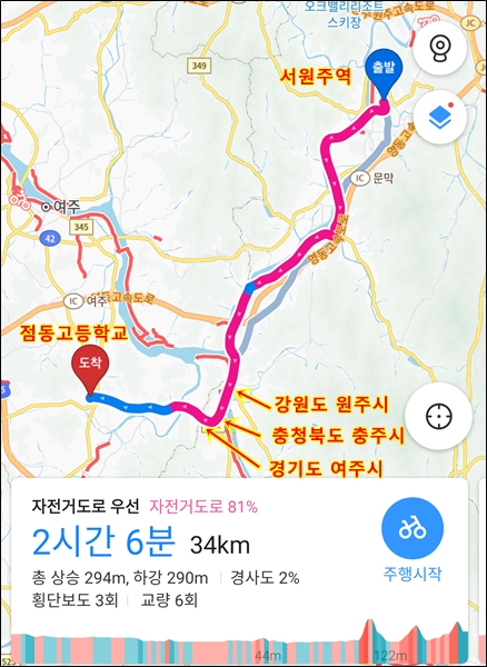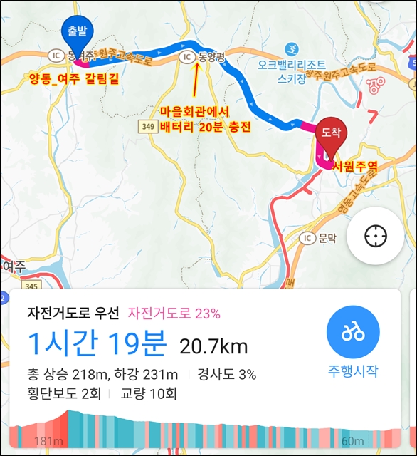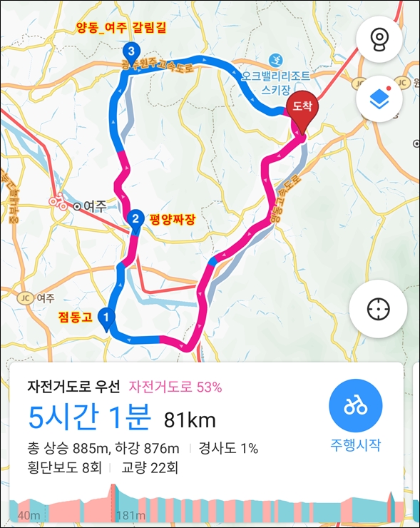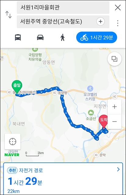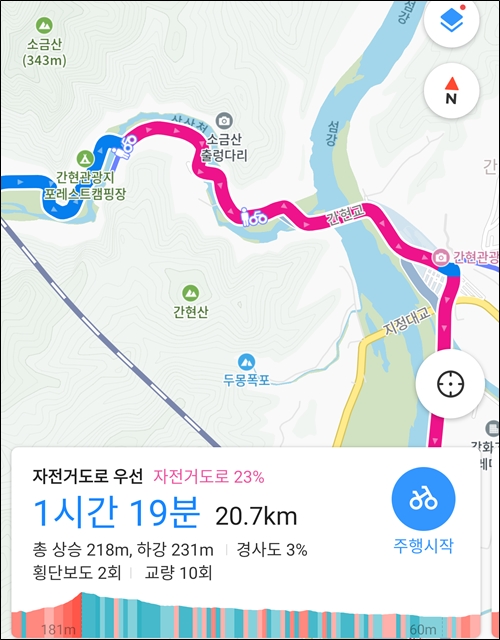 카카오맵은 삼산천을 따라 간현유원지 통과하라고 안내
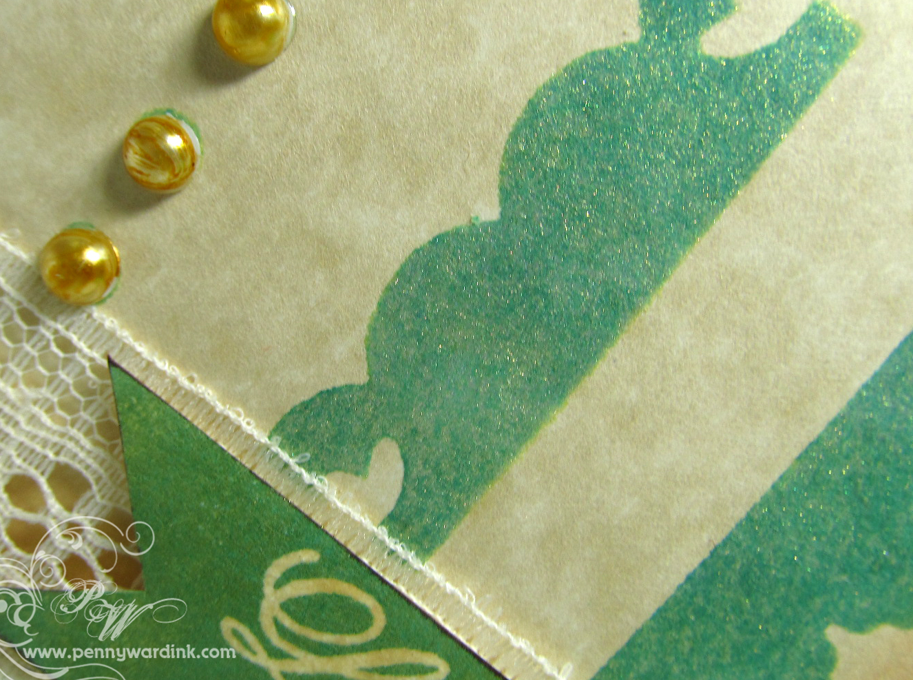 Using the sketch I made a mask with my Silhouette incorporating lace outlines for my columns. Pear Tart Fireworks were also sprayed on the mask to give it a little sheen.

•••

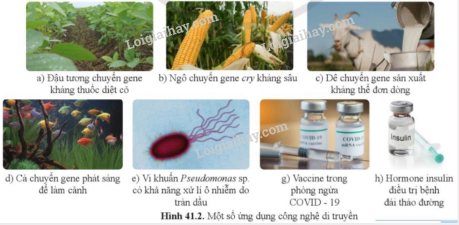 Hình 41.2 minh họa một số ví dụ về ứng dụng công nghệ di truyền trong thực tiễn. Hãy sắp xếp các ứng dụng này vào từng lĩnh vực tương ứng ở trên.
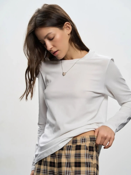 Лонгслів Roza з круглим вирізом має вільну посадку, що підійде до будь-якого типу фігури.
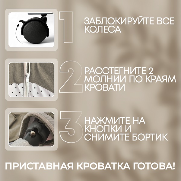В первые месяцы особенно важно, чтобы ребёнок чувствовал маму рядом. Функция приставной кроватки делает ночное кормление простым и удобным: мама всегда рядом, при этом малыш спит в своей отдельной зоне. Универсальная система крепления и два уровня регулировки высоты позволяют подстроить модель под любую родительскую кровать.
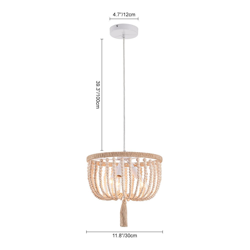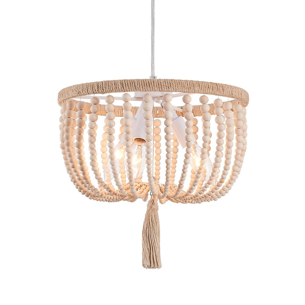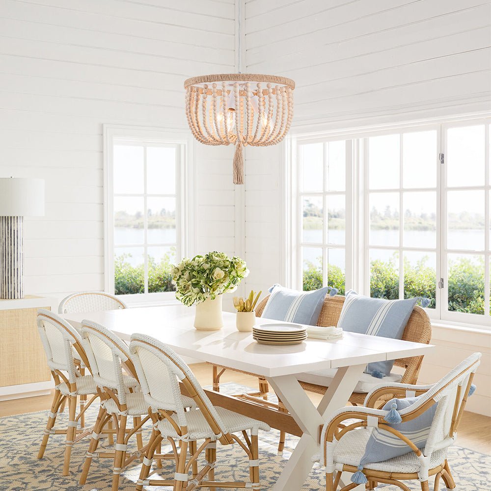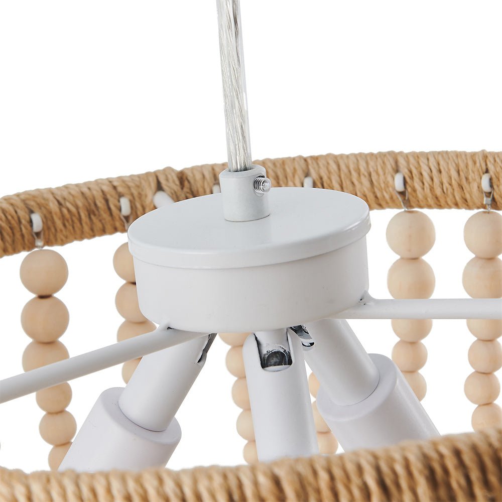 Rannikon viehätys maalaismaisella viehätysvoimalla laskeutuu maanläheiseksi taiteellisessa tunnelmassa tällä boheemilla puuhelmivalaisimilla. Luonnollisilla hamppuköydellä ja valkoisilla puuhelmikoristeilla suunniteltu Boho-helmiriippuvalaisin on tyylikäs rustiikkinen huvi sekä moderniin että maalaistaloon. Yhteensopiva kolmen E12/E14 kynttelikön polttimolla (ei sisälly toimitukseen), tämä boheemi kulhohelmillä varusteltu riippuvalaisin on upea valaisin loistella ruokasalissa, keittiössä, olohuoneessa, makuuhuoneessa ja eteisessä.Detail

•••

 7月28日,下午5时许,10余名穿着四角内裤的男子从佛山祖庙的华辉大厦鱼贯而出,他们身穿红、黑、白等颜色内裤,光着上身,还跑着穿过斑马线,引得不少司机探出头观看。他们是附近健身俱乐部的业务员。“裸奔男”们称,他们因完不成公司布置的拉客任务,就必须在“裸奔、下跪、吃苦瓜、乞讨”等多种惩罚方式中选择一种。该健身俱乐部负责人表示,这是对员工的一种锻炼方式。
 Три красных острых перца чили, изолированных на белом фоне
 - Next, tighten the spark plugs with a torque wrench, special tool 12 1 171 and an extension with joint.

•••

## To do
Give again, word for word, every line of the listing above from the one with "7月28日,下午5时许,10" to the one with "- Next, tighten", both inclusive, and nothing beyond them.

## Expected answer
 7月28日,下午5时许,10余名穿着四角内裤的男子从佛山祖庙的华辉大厦鱼贯而出,他们身穿红、黑、白等颜色内裤,光着上身,还跑着穿过斑马线,引得不少司机探出头观看。他们是附近健身俱乐部的业务员。“裸奔男”们称,他们因完不成公司布置的拉客任务,就必须在“裸奔、下跪、吃苦瓜、乞讨”等多种惩罚方式中选择一种。该健身俱乐部负责人表示,这是对员工的一种锻炼方式。
 Три красных острых перца чили, изолированных на белом фоне
 - Next, tighten the spark plugs with a torque wrench, special tool 12 1 171 and an extension with joint.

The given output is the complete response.